New Jersey Appellate Division Disallows Attorney's Fees Pursuant to the Offer of Judgment Rule, as Part of a High-Low Agreement

04.06.17

In a recently published decision, Serico v. Rothberg, 2017 N.J. Super. LEXIS 19 (Feb.16, 2017), the New Jersey Appellate Division affirmed the Trial Court's denial of attorney's fees and costs pursuant to the Offer of Judgment rule, where the parties had entered into a High-Low agreement capping the plaintiff's recovery to $1 million dollars, and where the plaintiff did not preserve her right to counsel fees as part of the High-Low agreement.

In this case, the plaintiff brought a medical malpractice action based upon an alleged failure to diagnose the plaintiff's colon cancer. While the case was awaiting a trial date, the plaintiff made an offer to accept a judgment in the amount of $750,000, in accordance with R.4:58-1 et seq. The offer-of judgment rule permits a party to offer to take a monetary judgment or to allow judgment to be taken against it for a sum certain. If the offer is not accepted, and the claimant obtains a monetary judgment that is 120 percent of the offer or more, the claimant is permitted costs of suit and "all reasonable litigation expenses incurred following non-acceptance." R. 4-58-2(a).

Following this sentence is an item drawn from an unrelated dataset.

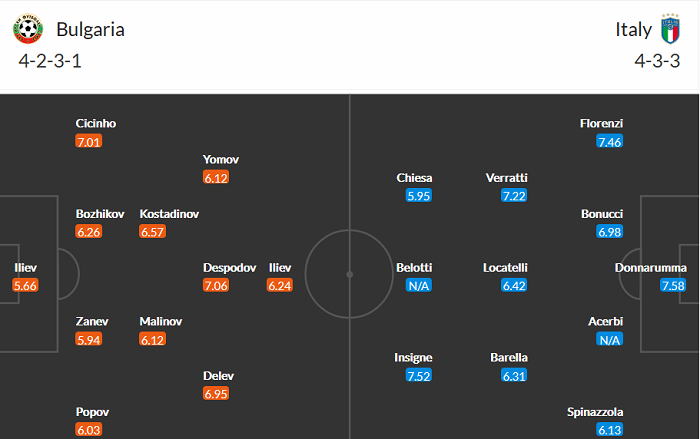 Với chất lượng cùng sự ổn định của Italia dưới sự dẫn dắt của HLV Roberto Mancini, khả năng ‘trả bớt nợ’ của Bulgaria gần như bằng con số 0. Chiến thắng với tỷ số 2-0 trước Bắc Ireland đã là trận bất bại thứ 23 liên tiếp của Azzurri trên mọi đấu trường.

The defendant did not respond to the plaintiff's offer. During the ensuing trial, while the jury was deliberating, the parties entered into a High-Low agreement, which is a settlement that guarantees a plaintiff a minimum recovery and limits a defendant's exposure to an agreed upon amount, regardless of the jury's award. The agreement, as placed on the record by counsel, provided for a "low" of $300,000 and a "high" of $1 million. When counsel placed the terms of the settlement on the record, no one mentioned the plaintiff's potential entitlement to recover fees. It was agreed, however, that the plaintiff's medical expenses would be subsumed within the amount of the High-Low agreement.

The jury ultimately returned a verdict in the amount of $6 million dollars. As a result, the plaintiff was entitled to entry of a judgment pursuant to the High-Low agreement in the amount of $1 million dollars, which was more than the 120 percent of the amount of the initial offer of judgment. Because the judgment exceeded the Rule's 120 percent threshold, the plaintiff filed a motion for an award of attorney's fees and costs. The Trial Court denied the motion and this appeal followed.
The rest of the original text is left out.